El contexto remueve traumas profundos: la ruinosa crisis de 2001. En los créditos iniciales, el “Danubio azul” funciona como ironía (una danza enajenada cuando el país rumbea hacia el desastre), como doble referencia a 2001: odisea del espacio (la palabra “odisea” en el título y el hecho de que la acción se ubica en un 2001 mucho menos glamoroso que el que supuso aquella obra de Stanley Kubrick de 1968), y además remite a un momento clave, más adelante en la acción, cuando Manzi está en la fiesta de casamiento y suena ese mismo vals. Todo transcurre en Alsina, un pueblito de 1.500 habitantes en la provincia de Buenos Aires. Un grupo de amigos reúne 150.000 dólares para un emprendimiento cooperativo, y al día siguiente de depositarlos en el banco descubre que quedaron retenidos en el corralito y quizá no se recuperen nunca. Esa situación particular, en este caso, está reenfocada en un marco más tangible, porque los personajes terminan descubriendo que Manzi, un abogado sátrapa, en connivencia con el gerente del banco y debidamente informado de la inminencia del corralito, retiró los dólares y los escondió en una bóveda subterránea, significativamente oculta en un campito con vacas en medio de la pampa despoblada. Eso les da a ese grupo de “giles” la perspectiva (que otros millones de afectados por la crisis no tuvieron) de des-robar la plata, atenuando el daño y operando un castigo contra el villano (debidamente caracterizado como un yupi con barbita tipo candado acompañado por una rubia menemista).

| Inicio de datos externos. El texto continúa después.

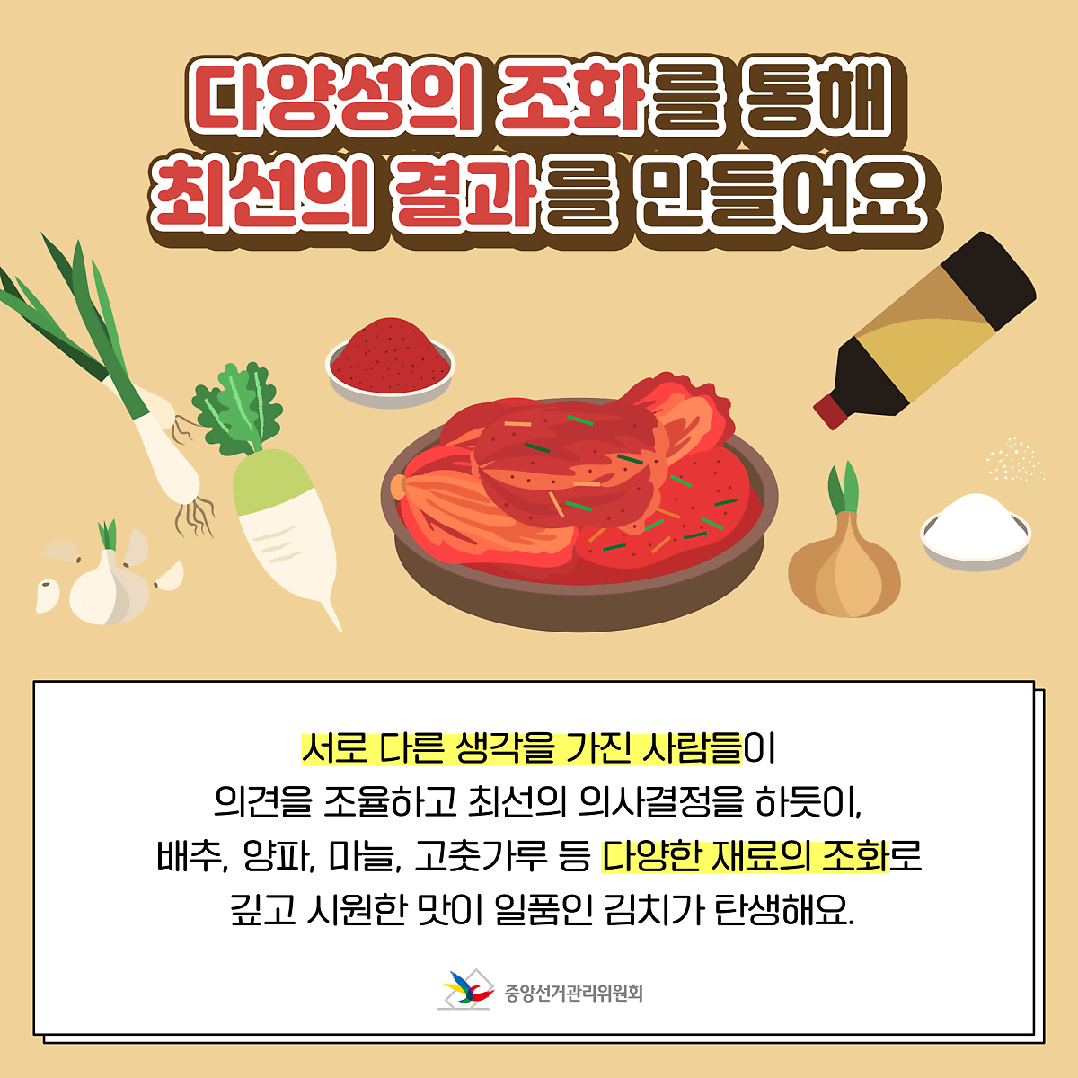 서로 다른 생각을 가진 사람들이 의견을 조율하고 최선의 의사결정을 하듯이, 배추, 양파, 마늘, 고춧가루 등 다양한 재료의 조화로
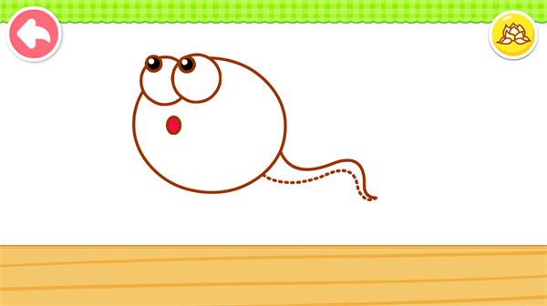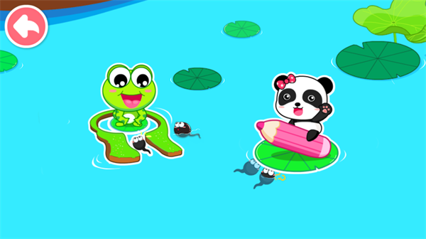 2、画一画:小蝌蚪长什么样?青蛙妈妈长什么样?还有金鱼、螃蟹、乌龟、熊猫,你还记得他们的样子吗?没关系,“画一画”中教你用简单的线条画出他们,还可以把他们放到池塘里哦。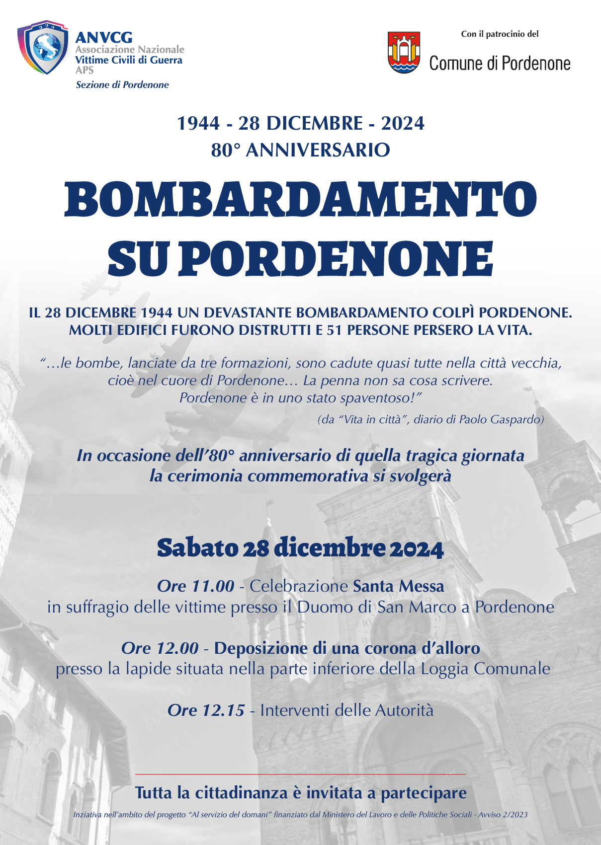 Dopo la messa in Duomo, alla quale parteciperanno parenti e amici dei pordenonesi morti sotto le bombe, l’assessore comunale Mattia Tirelli e le associazioni d’arma, la cerimonia proseguirà sotto la loggia del Municipio, dove si svolgerà la commemorazione con la deposizione di una corona d’alloro alla lapide che ricorda tutte le vittime innocenti della Seconda Guerra Mondiale. Presente anche il Gonfalone del Comune di Pordenone.

El camino para todo esto está lleno de complicaciones y requiere inteligencia, planificación y coordinación. El comentario político-social se combina con el esquema de thriller inherente al cine de robo, y además es como esas comedias deportivas en las que un grupo de personas muy poco calificadas se proponen llevar a cabo una proeza y nos reímos de su torpeza, de su contraste con el perfil de vencedores que suele corresponder a quienes se meten en tales aventuras, y con la forma inesperada en que las carencias de esos losers terminan sirviendo para que alcancen el éxito. Hay varios chistes buenísimos, y por lo menos un par de momentos de tremendo suspenso: uno es la primera vez que suena la alarma de la bóveda, y el otro es, in crescendo, la operación de rescate de la plata (el acto final de la película).

Todo el reparto rinde muy bien bajo la segura dirección de Borensztein (realizador de Un cuento chino, 2011). Se destaca la participación de la increíble Verónica Llinás, y Ricardo Darín confirma, una vez más, el espectacular carisma que lo convirtió en una estrella mundial. En la banda musical predominan canciones famosas de rock argentino, que contribuyen al carácter ligero, ambientado y argentinísimo del film.

La actitud general de la película es claramente crítica de los procederes de la derecha, y trata de ubicarse en una posición plural de izquierda, con dos personajes muy destacados que son un anarco y un peronista y que funcionan perfectamente en tándem pese a que se pasan discutiendo de política. La película se estrena en un contexto de crisis económica en Argentina que puede sentirse como un eco de 2001. En forma significativa, el epílogo señala que todo se arregló, en forma feliz para los protagonistas, a mediados de 2003 (que es, sabemos, cuando asumió la presidencia Néstor Kirchner).

La odisea de los giles. Dirigida por Sebastián Borensztein. Basada en un libro de Eduardo Sacheri. Con Ricardo Darín, Luis Brandoni, Chino Darín. Argentina/España, 2019. En varias salas.